Fighting the AI scraperbot scourge

There are many challenges involved with running a web site like LWN. Some of them, such as fin [...]

LWN.net

@bignose

What do they do when they run out of stuff to scrape because they've destroyed it? Or if the quality of what is left is negligible?

The death of the web won't mean the *absence* of the web; it just means it'll predominantly be auto-generated slop. So, in that scenario, they won't run out of stuff to scrape.

As for the quality of what's on that web? They show no sign at all of caring about the quality of what's on *today's* web, they just scrape all of it continually. I don't think they'll notice nor care when it's mostly slop; they'll just endlessly scrape the dead web and feed their machine on it.

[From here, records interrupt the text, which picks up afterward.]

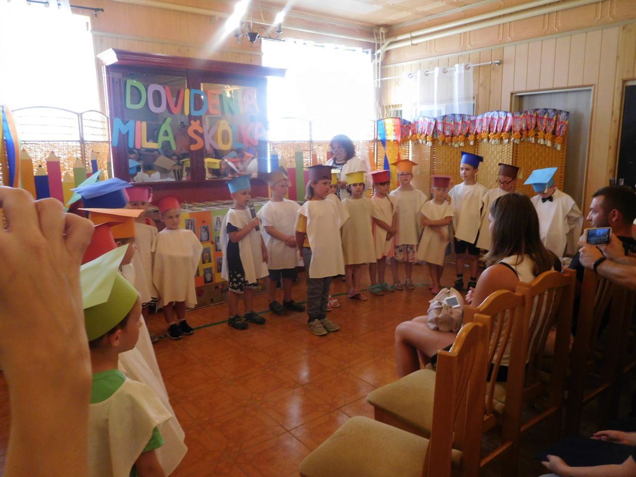 V piatok 21 júna sa vo vestibule kultúrneho domu konala rozlúčka našich škôlkarov - predškolákov. Pod vedením pani riaditeľky a triednej pani učiteľky si „Zrkadielka“ pripravili bohatý, vtipný a miestami aj dojímavý program, v ktorom bolo vidieť, ako z malých škôlkarov, vyrástli odhodlaní budúci prváčikovia, ktorí sú pripravení popasovať sa s písmenkami a číslicami. Predškoláci sa peknými a výstižnými slovami rozlúčili so škôlkou a zamestnancami škôlky a najmä ukázali svojím rodičom a rodinným príslušníkom, že už nie sú malými detičkami, ktoré sa potrebujú len hrať, ale tešia sa na to, že si onedlho budú vedieť sami prečítať obľúbené knižky.
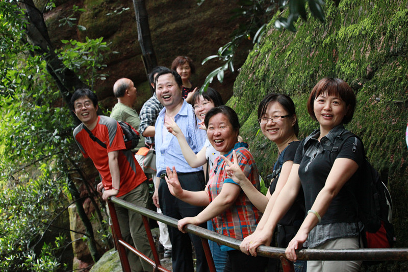 5月12日,旅行团到达龙虎山景区,恰逢大雨,但大家游兴不减,兴致勃勃地乘坐竹筏漂流仙水岩景区,观看悬棺表演,参观道教祖庭—天师府、道教发祥地---大上清宫。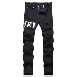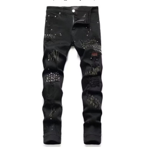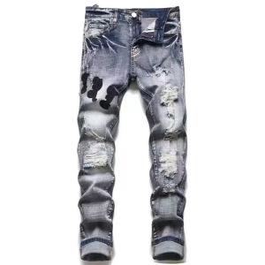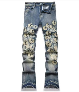 トレンドカジュアルパッチ修身小足ファッションブランドの個性的なズボンのファッションの新型の穴を開けて布の刺繍のジーパンの男性を貼ります。

Will that make a difference? They don't seem to care that today's #LLM output is mostly crap, so it's hard to say why they'd care if it declined.

@FediThing

@bignose

"The death of the web won't mean the *absence* of the web; it just means it'll predominantly be auto-generated slop. So, in that scenario, they won't run out of stuff to scrape."

Then you get model collapse though, if there's no human input any more?

@FediThing, yes. And the people who can see that coming, have (by intentional arrangement) no connection to the people with their foot on the accelerator. So the awareness that they're heading for model collapse will not be sufficient to stop them.